Spin-lattice relaxation in 13CH3 compounds: application to 13C enriched aspirin

Abstract

Spin-lattice relaxation processes in 13CH3 groups in methyl compounds are studied both theoretically and experimentally. The four spin-½ nuclei in such methyl groups give rise to 16 spin-rotational states, which are split by rotational tunnelling. From the corresponding populations (15 independent) five long lived combinations are formed: the 13C magnetization M C, proton magnetization M H, tunnelling energy TE, rotational polarization RP and dipolar energy DE. Their spin-lattice relaxation via the transitions induced by the 13C-proton dipolar interaction is studied in detail. Direct relaxation rates and coupling terms between these combinations are derived.
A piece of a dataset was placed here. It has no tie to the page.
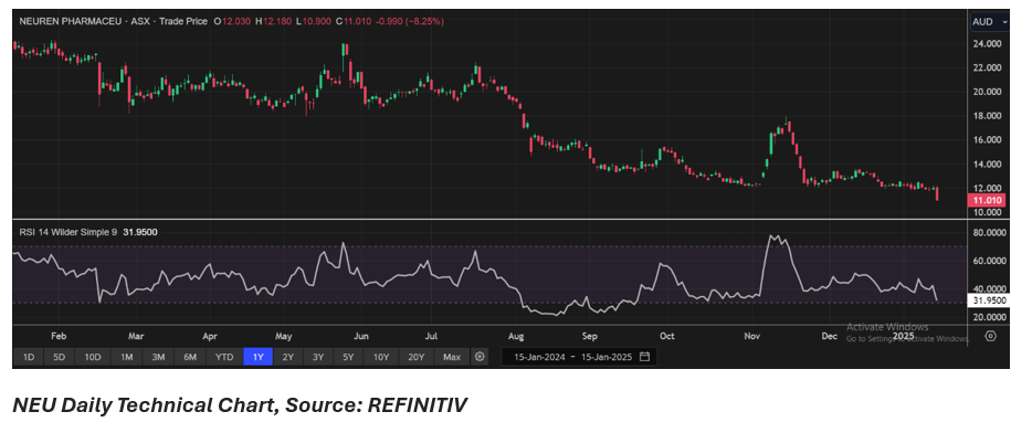 On 15 January 2025, NEU revealed that its partner, Acadia Pharmaceuticals has submitted a Marketing Authorization Application (MAA) to the European Medicines Agency (EMA) for the use of trofinetide as a treatment for Rett syndrome in patients aged two years and older.

Predictions are compared with experimental data for 13C spin-lattice relaxation at 75.4 MHz in 99% enriched (only methyl carbons enriched) single crystal of aspirin. Above 40 K, the M C recovery is exponential and describable in terms of the direct relaxation transitions without couplings. The same is true for the initial relaxation in the region of non-exponential relaxation between 30 K and 40 K. The orientation dependence of the initial relaxation rate agrees with the theoretical calculations. The non-exponentiality is related to resonant level-crossing transitions with ωt, + ωC = ωH, where the angular frequencies represent rotational tunnelling and carbon and proton resonances, respectively. The resonant transitions produce couplings between M C, M H and TE that are described quite accurately by the present model.